CAPITOLO 2: My Apocalypse
La seconda ora, il vociare delle mie compagne, la lezione, tutto perse la
propria importanza subito dopo l'arrivederci dei rappresentanti d'istituto. Era
tutto molto strano. Nella mia testa, lentamente, cominciano ad ammassarsi
parecchi sentimenti ed emozioni: è una vita che non lo vedo, ma la mia idea era
di doverlo dimenticare. Dolore, rabbia, ansie, preoccupazione.
Emy continuava a fissarmi, mi lanciava delle
occhiatine per vedere le mie reazioni, stava cercando di captare che cosa avrei
detto o fatto.
Alla fine la vidi smanettare con il suo Nokia, certamente stava dicendo a Shawn di venire appena ne aveva la possibilità, magari con
la scusa del bagno o della lista delle merende giù la bar della scuola.
Guardai l'orologio: mancavano ancora ben venti minuti alla fine della
lezione di Storia e io mi sentivo soffocare.

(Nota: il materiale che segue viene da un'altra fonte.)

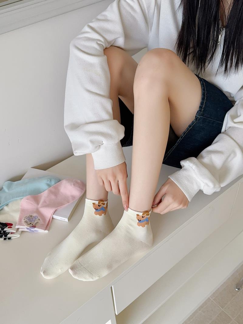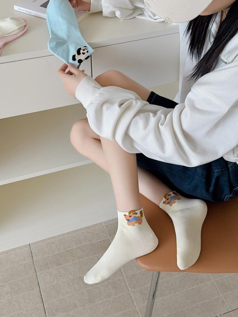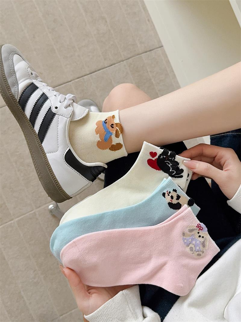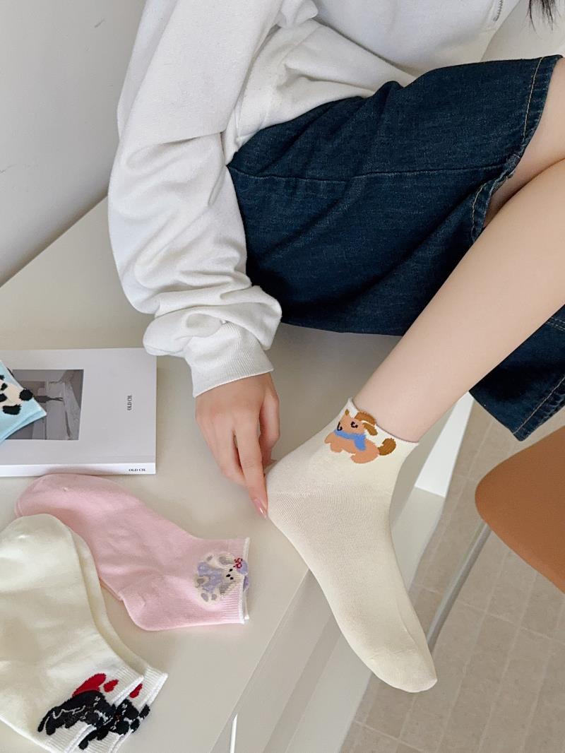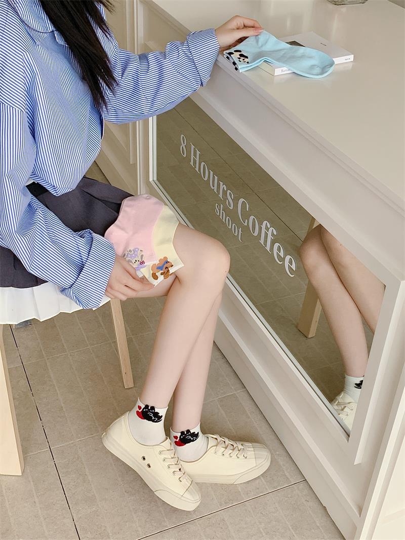 봄과 여름 새로운 양말 일본 만화 강아지 짧은 양말 여성 양말 Baota 대학 스타일 소녀 짧은 통기성스토어 가기

Chiesi alla prof di andare in bagno. Dapprima mi guardò stranita, e poi
vista la mia faccia sconvolta disse qualcosa circa il fatto che ero più bianca
del solito e che se mi sentivo poco bene era il caso che andassi a prendere un
po' d'aria. Uscì velocemente dall'aula, cercando di fare meno rumore possibile.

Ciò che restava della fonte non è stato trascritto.